In contemporary hard disks, the Reed-Solomon coder/decoder has become significantly more complicated, and the number of check bytes has grown immensely. As a result, in implementations of this Reed-Solomon coder/decoder, one has to operate with numbers of unnatural lengths (about 1,408 bits or more). Consequently, the source code bristled with a thick layer of additional checks, loops , and functions that significantly complicate its understanding. Furthermore, most manufacturers of computer hardware have recently migrated to the hardware implementations of Reed-Solomon coders/decoders, which are implemented entirely by a single chip. In other words, despite all of our respect for technological progress, it is much better to study the basic operating principles of the Reed-Solomon coders/decoders on the examples of ancient models.

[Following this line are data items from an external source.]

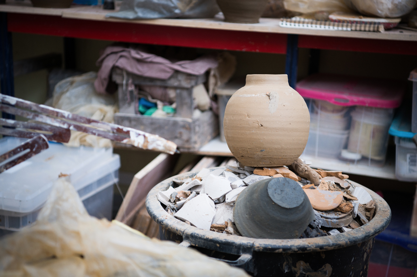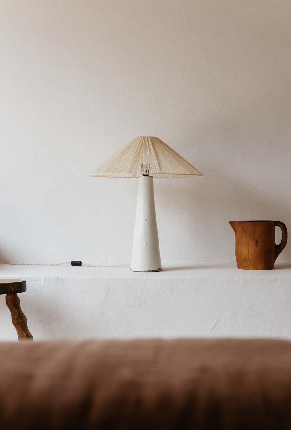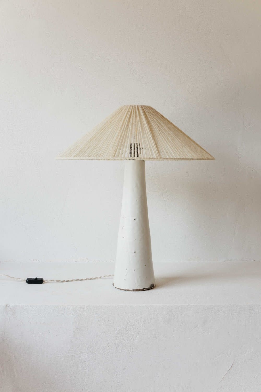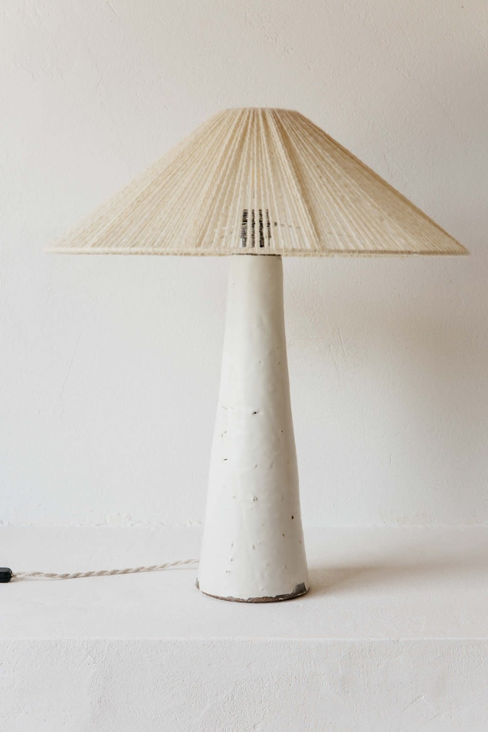 The feet of the lamps are made by Benoit Audureau in his workshop. He likes to prepare the clay, raw clay that is not denatured. His clay comes from brickworks or small local potteries. The clay is crushed so that whatever is in the clay stays in the clay. It is fired in an electric kiln at 1270gr or in a wood-fired Phoenix kiln at 1320gr
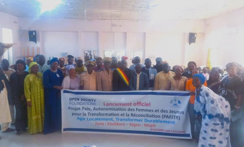 La maison de la femme de Koulikoro a été le cadre Koulikoro, ce 9 décembre 2025 du lancement officiel du projet « Paix, Autonomisation des Femmes et Jeunes pour la Transformation et la Réconciliation » (PAFJTR), porté par le WILDAF/Mali et soutenu financièrement par Open Society Foundations. Avec un budget total de 450 000 dollars USD sur une durée de trois ans, ce projet ambitieux vise à renforcer la participation active des femmes et des jeunes dans la gestion pacifique des conflits et dans la prévention de l’extrémisme violent.
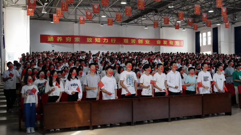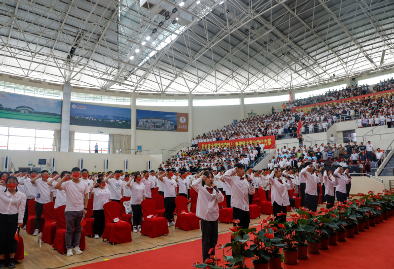 在6名优秀在校生代表的领誓下,全体新生发出“强国有我,请党放心”的铿锵誓言。
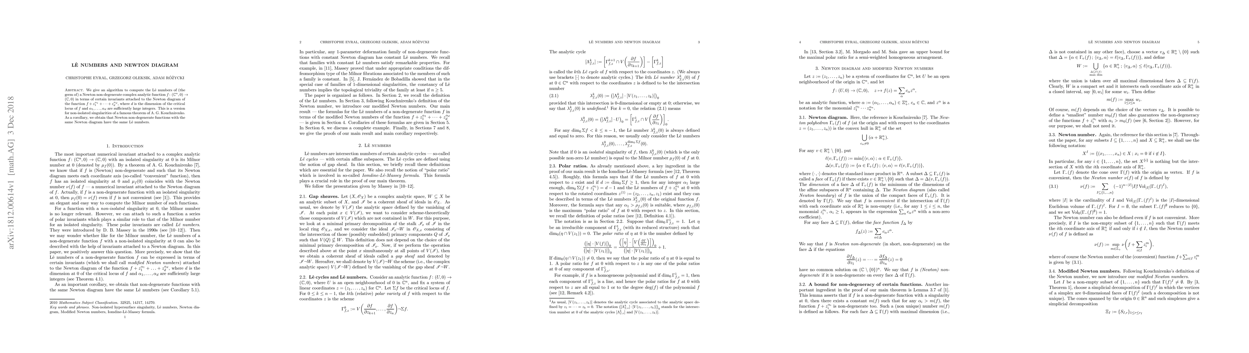 This paper presents an algorithm to determine the L^e numbers of a Newton non-degenerate complex analytic function based on invariants from its Newton diagram. It extends Kouchnirenko's theorem to non-isolated singularities, proving that functions with identical Newton diagrams share the same L^e numbers.
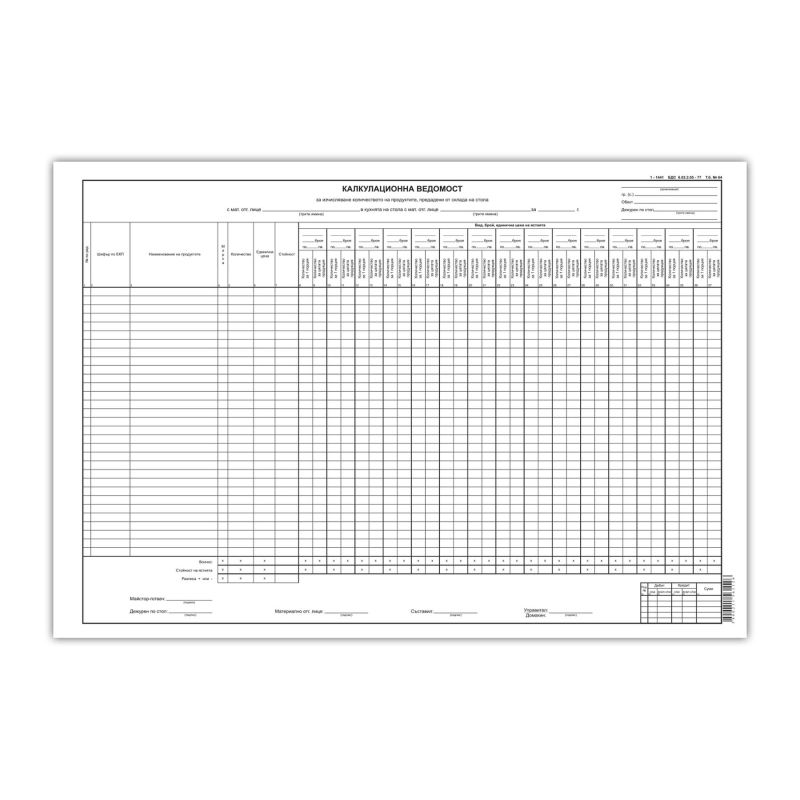 Калкулационна ведомост, 50 листа
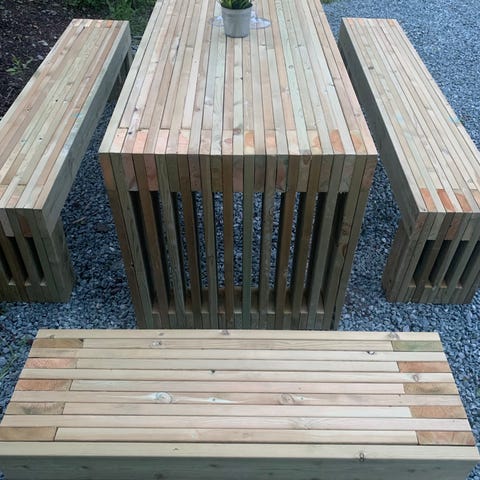 Dette solide utebord- og benkesettet er bygd for å vare. Laget av trykkimpregnert treverk av god kvalitet, tåler det helårsbruk utendørs og holder seg både sterkt og stabilt over tid. Det rene og moderne spile-designet gir et tidløst uttrykk som passer like godt i hagen som på terrassen eller i utestua.
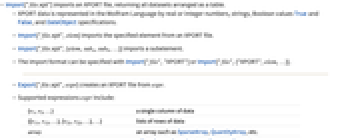 - Import["file.xpt",elem] imports the specified element from an XPORT file.
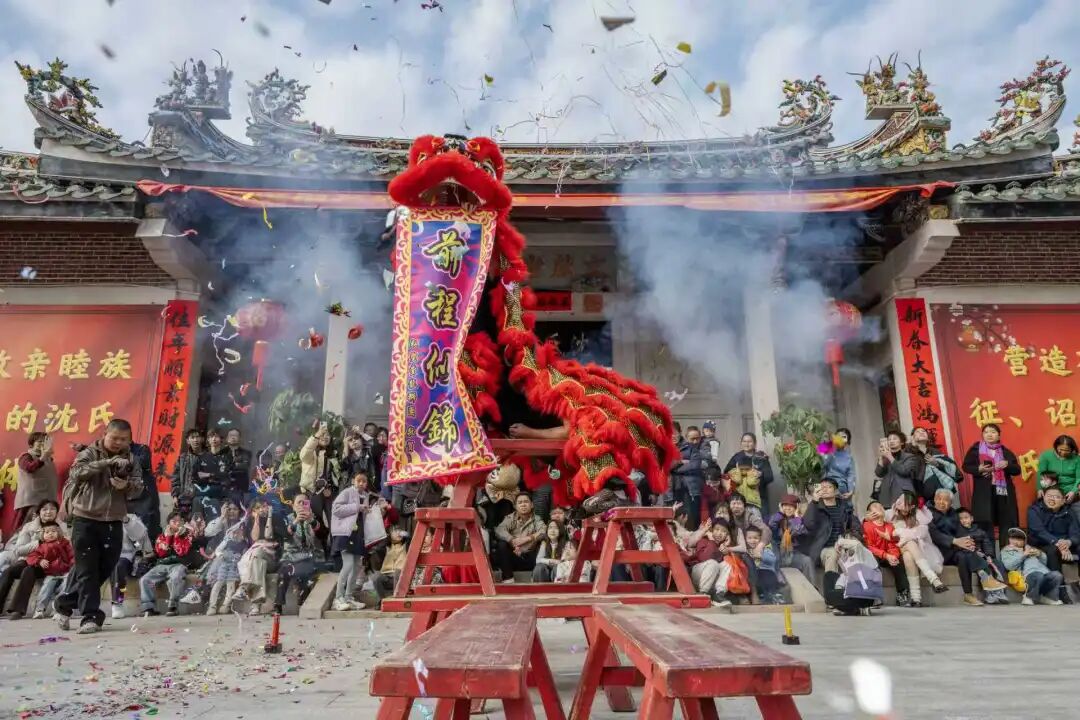 当传统民俗与现代创意在中山路上激情碰撞,一场流动的视觉盛宴就此点燃。伴随着铿锵有力的锣鼓声,“龙狮献瑞贺新春”活动率先登场。威武的醒狮腾挪跳跃,灵动的祥龙蜿蜒游走,舞者们精气神十足,将龙狮的神韵展现得淋漓尽致,赢得围观群众阵阵喝彩。不经意间,阳台上飘来一曲古风悠扬的“屏风遮影”舞蹈,街角闪现《渔家姑娘》的快闪身影,曼妙的舞姿与古建筑相映成趣,让非遗之美悄然融入街头巷尾。最引人注目的当属“牡蛎人偶巡游”,身着特色服饰的人偶们憨态可掬,沿街漫步,仿佛从海的记忆中走来,引得市民纷纷驻足合影,让承载着海洋记忆的非遗文化以最鲜活的方式“活”了起来。
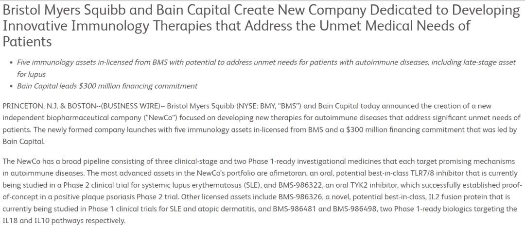 BMS拆分5款自免新药,包括TLR7/8抑制剂Afimetoran、TYK2抑制剂BMS-986322、IL-2融合蛋白BMS-986326、IL-8靶向BMS-986481、IL-10靶向BMS-986498,由贝恩资本领投的3亿美元融资。BMS在NewCo层面持股接近20%,并有权获得与每项资产成功相关的特许权使用费和里程碑。

The listing provided below shows a fragment of the original code of the firmware for the IBM 3370 hard disk:
for (s0 = s1 = sm1 = i = 0; i < BLOCK_SIZE; ++i) { s0 = s0 ^ input[i]; s1 = GF_mult_by_alpha[ s1 ^ input[i]]; sm1 = GF_mult_by_alpha_inverse[sm1 ^ input[i]]; };
err_i = GF_log_base_alpha [GF_divide [s1] [s0]]; // Calculating // the error // syndrome input[err_i] ^= s0; // Correcting the // erroneous byte
Can we understand how it works? With regard to the s0 variable, everything is clear: This variable stores the checksum calculated according to the trivial algorithm. As you probably remember, addition in Galois fields is carried out by logical XOR operation. Therefore, s0+= input[i] .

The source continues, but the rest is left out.